The government of president Francois Hollande and prime minister Jean Marc Ayrault is not carrying out policies fundamentally different from right-wing ex-president Nicolas Sarkozy and his UMP party.

Hollande is doing nothing decisive to show even the slightest opposition to big business. The ‘socialists’, in spite of their crippling unpopularity, may still be the best option for the capitalist class to push through their ‘reforms’.

The National Front

The right is in disarray and is having difficulty recovering from the blow inflicted on Sarkozy through the ballot box by the majority of workers and young people.

In fact, at bottom, the UMP has difficulties because, apart from its style of government, very little separates it from the policy of the PS-Green government.

In this context, the FN presents itself as the only party in opposition to the PS and UMP. It has had this approach for 40 years but what is different today – after the left governments under Mitterand, Jospin and now Hollande – is that the ‘left’ in government is not pretending its policies are pro-worker.

Their open anti-worker politics are accompanied by a justification that is racist. The PS no longer says the problems are the fault of the big bosses.

The interior minister, Valls, has adopted outright racist language in relation to the Roma in France.

This approach has been highlighted by the deportation last week of a Roma school student, Leonarda. When she was taken off a school bus to be deported to Kosovo with her family, big protests and school student strikes erupted demanding she be returned to France.

Hollande, aiming to pacify the protests, said the girl could return to finish her studies, but without her family – only leading to further outrage against the president and his government.

Real opposition needed

This absence of a stand against capitalism and racism by the PS benefits the FN. It can falsely present itself as a party of opposition while it is against workers – for retirement at 67, for example – and fundamentally for capitalism.

It is in this way that it can continue to profit from this political vacuum particularly at the time of the next elections.

Those who are fighting the closure of their workplace or against a PSE (“Plan to Save Jobs”) or fighting for better wages, have to be able to take up the struggle immediately and cannot count on this government to defend them.

Against redundancy plans, against the destruction of retirement rights, against the deterioration of our living conditions, our working conditions and our education rights.

In the face of racism and islamaphobia, workers, young people and pensioners must be able to make their voices heard.

We need a real opposition of the left against the government and the bosses which draws together all those who want to struggle.

Who is fighting for these interests at the moment? To the left of the PS there are several political forces.

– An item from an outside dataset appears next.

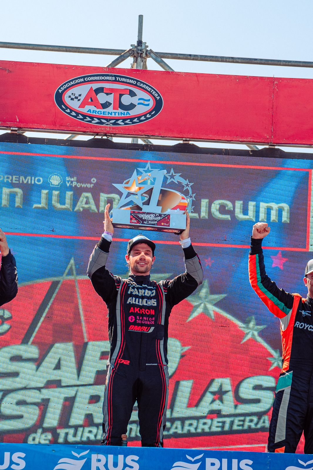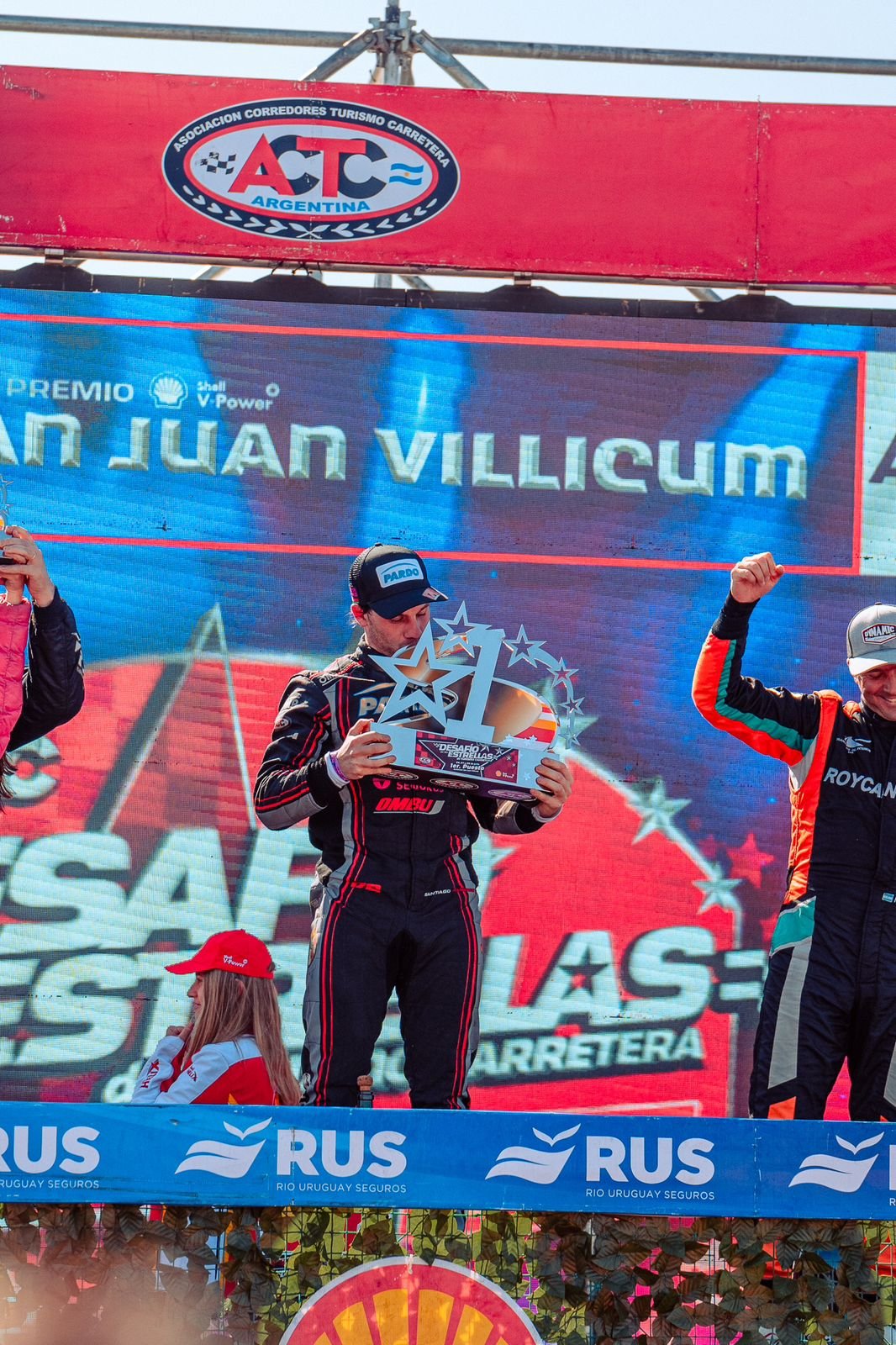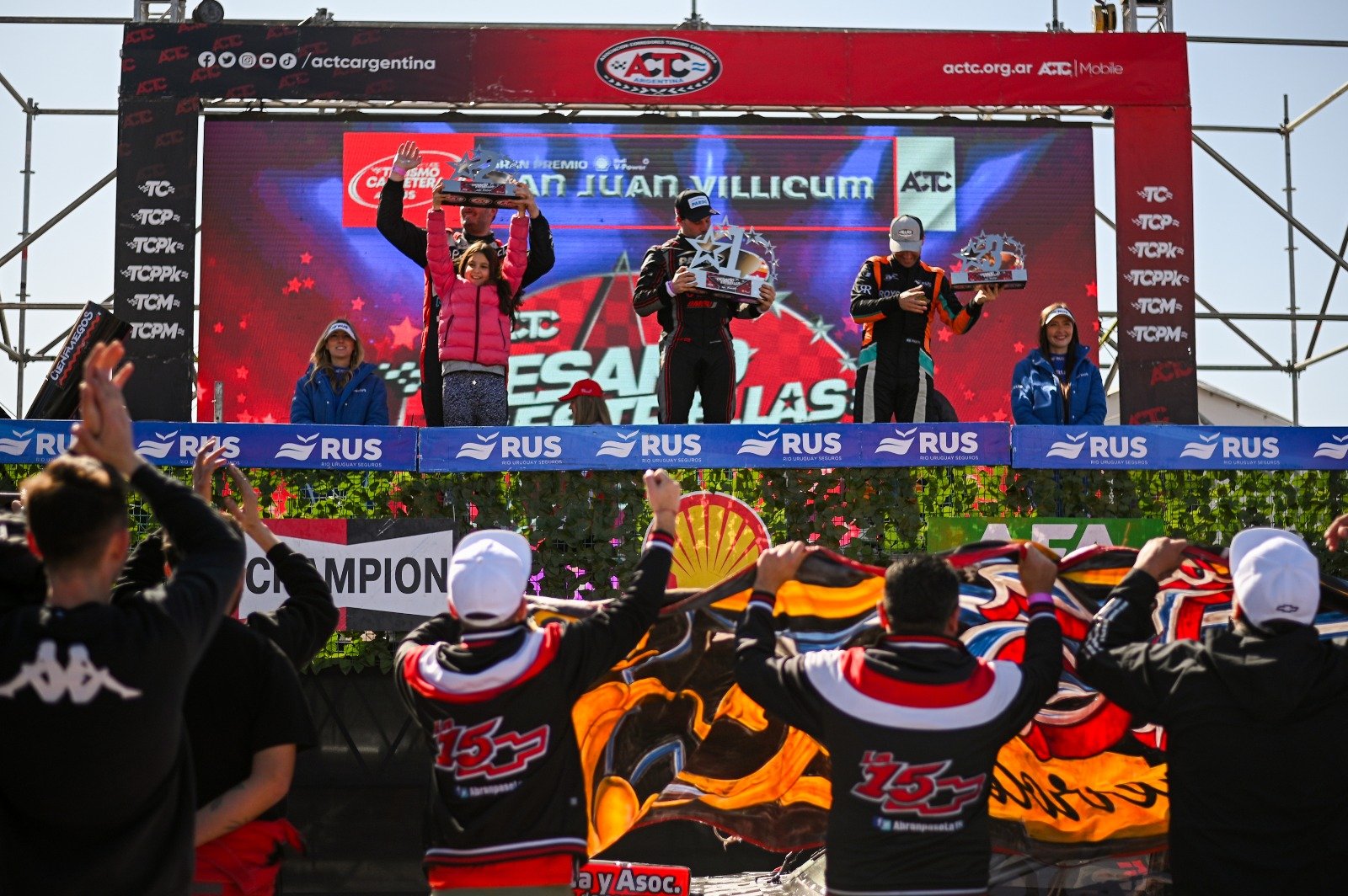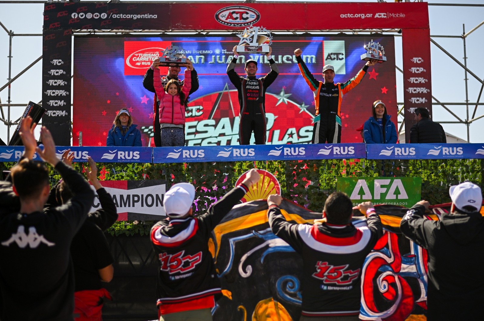 2° fue su compañero de equipo Santiago Mangoni (habrá sido el último podio de una Chevy en el TC? , debido al recambio del parque automotor , en el circuito sanjuanino debutaron 6 autos de nueva generación , sumando en total 24 y completando el 60 por ciento de los autos en pista) . Ricardo “Caito” Risati completó el podio con (Ch Camaro) dando rienda suelta a los fanáticos del “Chivo” en el festejo por el tridente ganador.

In 2012, the candidacy of Jean-Luc Mélenchon for the Left Front, was widely supported and a whole section of the population still looks on him positively.

Today, if the Left Front wants to put up real opposition to current policies, it should take advantage of its position and appeal to all those who want to oppose the government to fight and make a broad call for organising and building the struggles.

Divisions

But the Front de Gauche (Left Front) is under severe pressure. As local and European elections approach in the spring of next year, the Left Party and the Communist Party are divided on important issues.

The Communist Party justifies the idea of an electoral alliance with the ruling Socialist Party (in Paris, for example) by saying they aim to push the SP back to the left.

But if the latter could go back, it would only be under pressure from mass mobilisations, not under the impact of an election result.

Among the population, a large number of people reject this society of precarious jobs, of poverty, which leaves more than 25% of its young people unemployed and also dictates how to dress, who to love, what to think, while it is not even capable of providing the basic necessities of subsistence: work and shelter.

The causes of all this are exploitation, the rule of profit, it is in the foundations of the capitalist system. The struggle for a different society – a socialist society – is necessary.